Елизавета II с удовольствием пообщалась на “Британии” с сороковым американским президентом, который порицал обременительные расходы на содержание большого правительственного аппарата. “Если две трети бюджета уходят на чиновников, – сокрушался Рейган, – и только треть на нуждающихся, дело плохо” (17). – “Все демократические страны сейчас на грани банкротства, – с нажимом ответила королева, – поскольку государственная служба располагает к стяжательству”. Слушая, как Рейган возмущается стремлением чиновников тратить, вместо того чтобы сокращать расходы, она согласилась: “Да, определенно <…> Мне кажется, следующему поколению придется очень туго”. Эти неподготовленные, но пророческие замечания, демонстрирующие согласие с политической доктриной Рейгана и Тэтчер, вошли в документальный фильм о королеве, снимаемый командой BBC.

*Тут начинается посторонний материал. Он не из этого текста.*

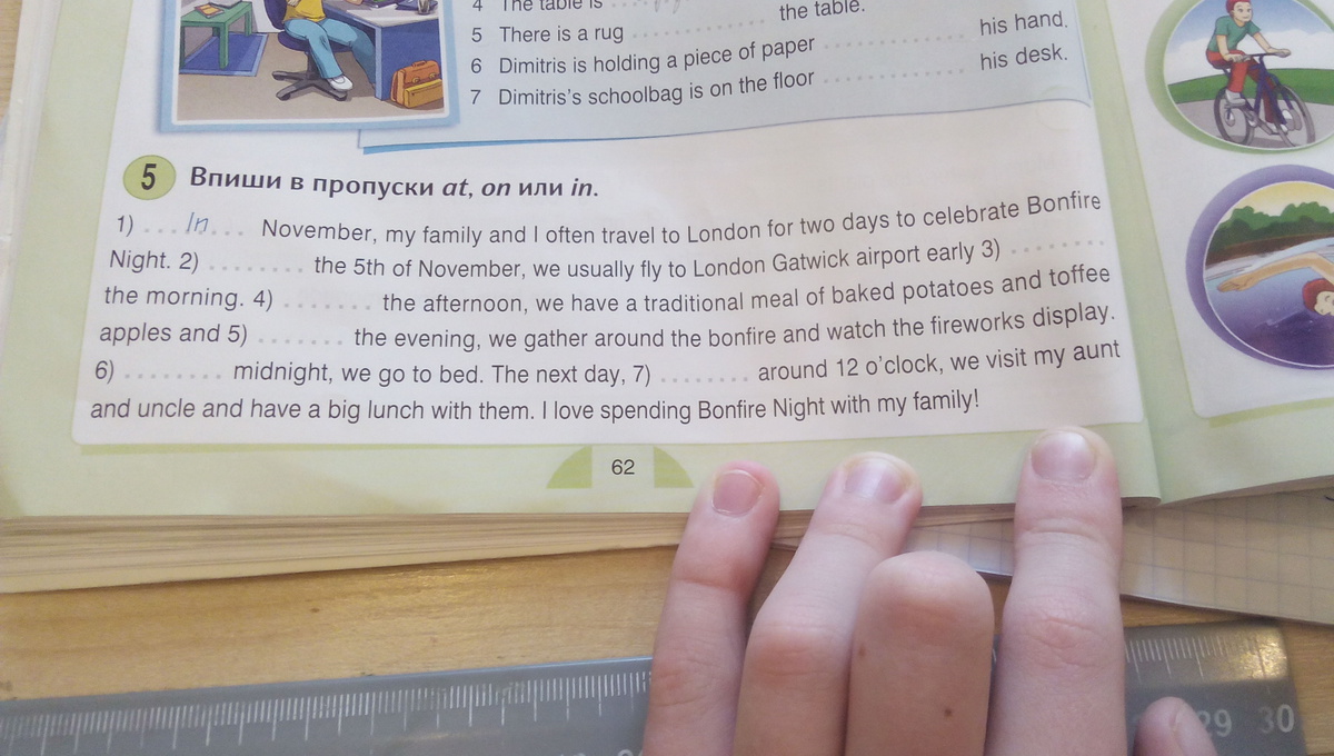 2) on 3) in 4) in 5) in 6) at 7) at
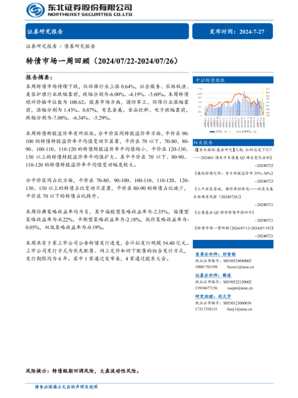 【东北证券】【20240727】转债市场一周回顾(2024/07/22-2024/07/26)-12页
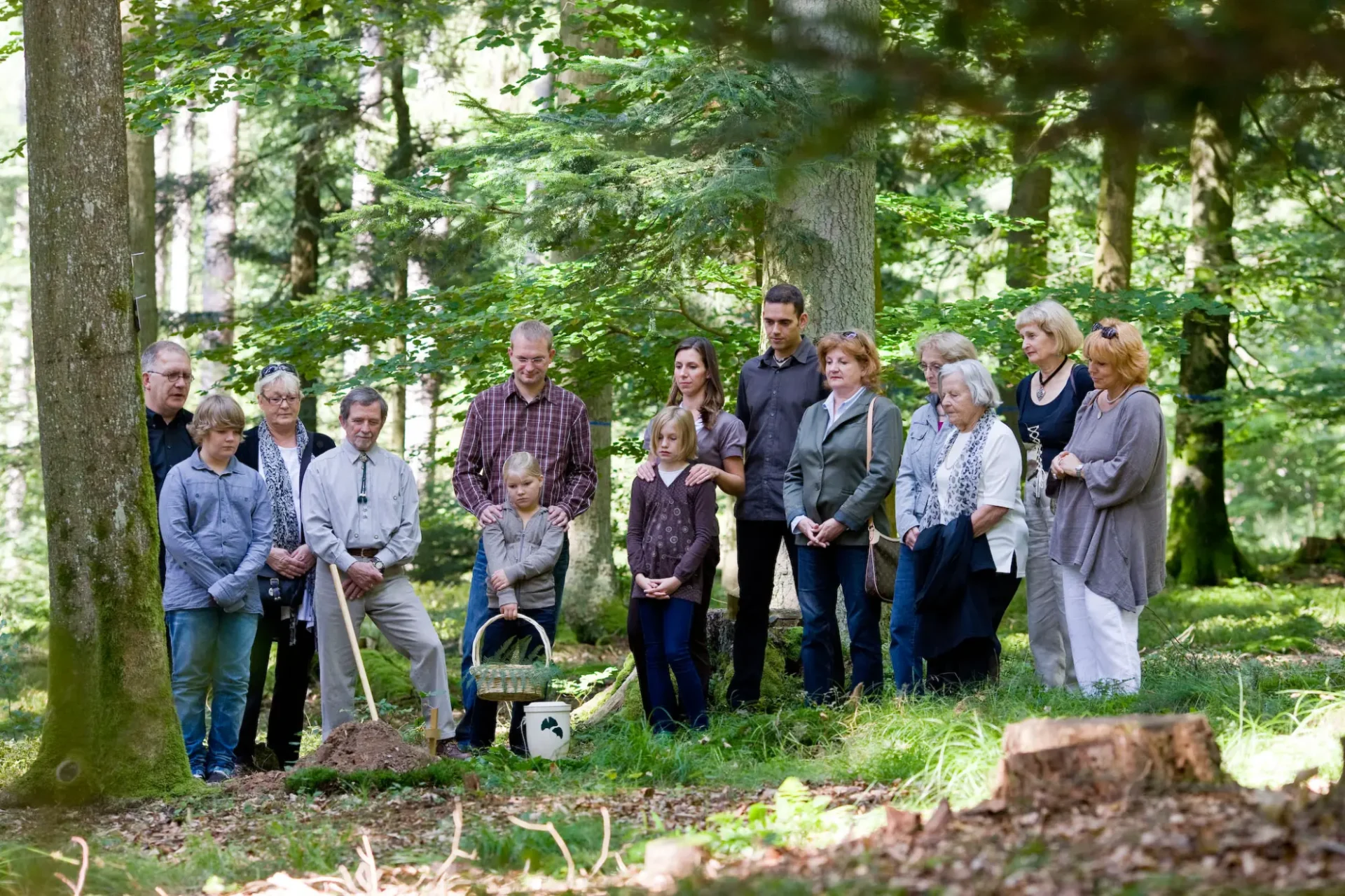 Naturverbundenheit und eine Bestattungsform die die tradierten Rituale intensiv lockert. Diese moderne Bestattungsform hat in den letzten Jahrzehnten an Bedeutung gewonnen und paßt sich den modernen Lebensgewohnheiten an. Der christliche Rahmen wird aufgebrochen. Ein Waldspaziergang ersetzt den Besuch auf dem Friedhof. Eine vorherige Einäscherung ist notwendig.
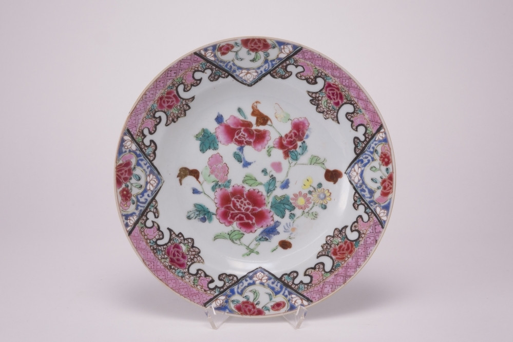 Bord Meer informatie Collectie Jan Menze van Diepen Stichting Beschrijving Famille rose bord met op het plat meerkleurige pioendecoraties.Op de drukbewerkte roze rand o.a. vier zwarte driehoeken of servetten met bloemen. Details Materiaal/techniek gebakken keramiek Inventarisnummer JMD-P-2705 Objectsoort bord Deel dit voorwerp Deel dit object op Facebook Deel dit object op Twitter Deel dit object op Instagram Deel dit object op Pinterest Deel dit object op WhatsApp
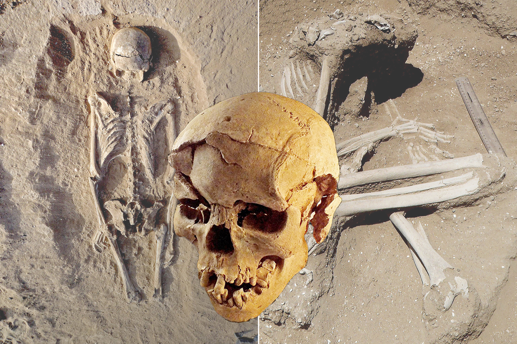 Ostatky brutálně ubitého muže (vlevo) pohřbila laguna, která dříve tlupě skýtala obživu. Ženě (vpravo), která měla přelámané obě nohy, útočníci před smrtí patrně spoutali ruce. Pod jejím tělem se našla kostra ryby.
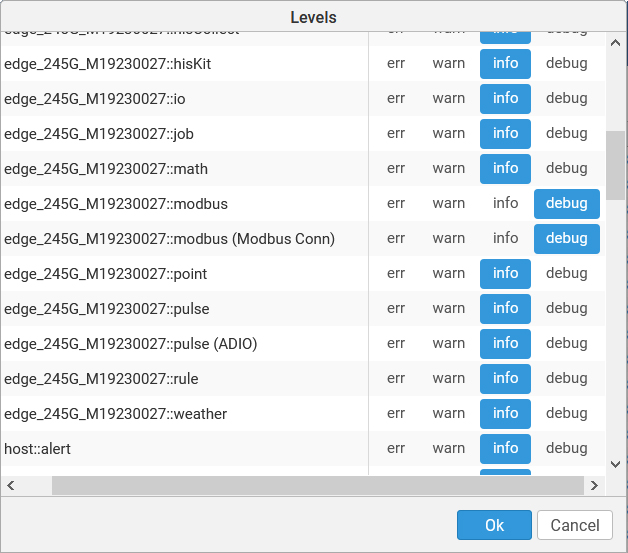 Access the debugging logs for Modbus by going to the Debug App, then into the Log tab and clicking the Levels button found on the right- hand side of the tab. Once a new window pops up, find the Modbus options and switch them to debug, and click OK.
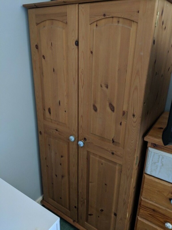 Jednoduchá vešiaková skriňa z masívneho dreva, používaná v detskej izbe, ale možno ju umiestniť kamkoľvek do dedinské izby.Nábytok
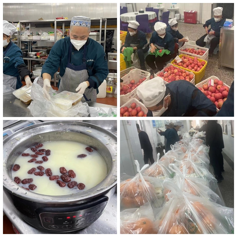 紧张的保供并没有让供餐质量打折。在保障基本供餐的同时,饮食中心力求做到营养均衡,尽量兼顾师生的个性化需求,并及时准备少数民族餐和病号餐。全体饮食人心往一处想,劲往一处使,克服重重困难,加大原材料供应消杀静置精细化管理,用辛勤汗水守护在校师生舌尖上的安全和美味。

Пройдя на “Британии” через острова Драй-Тортугас в Мексиканском заливе, королевская делегация высадилась на три часа в Тампе, где королева даровала почетный рыцарский титул генералу Норману Шварцкопфу, командовавшему коалиционными войсками в войне в Персидском заливе. Затем был перелет на “конкорде” в Остин и проезд единым махом через весь “Штат одинокой звезды” – ночевка в Остине, два часа в Сан-Антонио, семь часов в Далласе, две ночи и день в Хьюстоне. “Я невероятный человек! – воскликнула королева на торжественном обеде в ее честь в хьюстонском Музее изобразительных искусств. – Вчера я посетила четыре крупных техасских города! Проснулась в одном, заснула в другом, а между ними побывала еще в двух!” (18) В те времена гостей Хьюстона развлекали экскурсией в Центр управления полетами Космического центра Джонсона. Королева вдоволь пообщалась с восхищавшими ее астронавтами (19), любопытствуя, что видно через золотистые лицевые стекла шлемов и почему во время космического полета еда прилипает к тарелке, а не болтается по кораблю.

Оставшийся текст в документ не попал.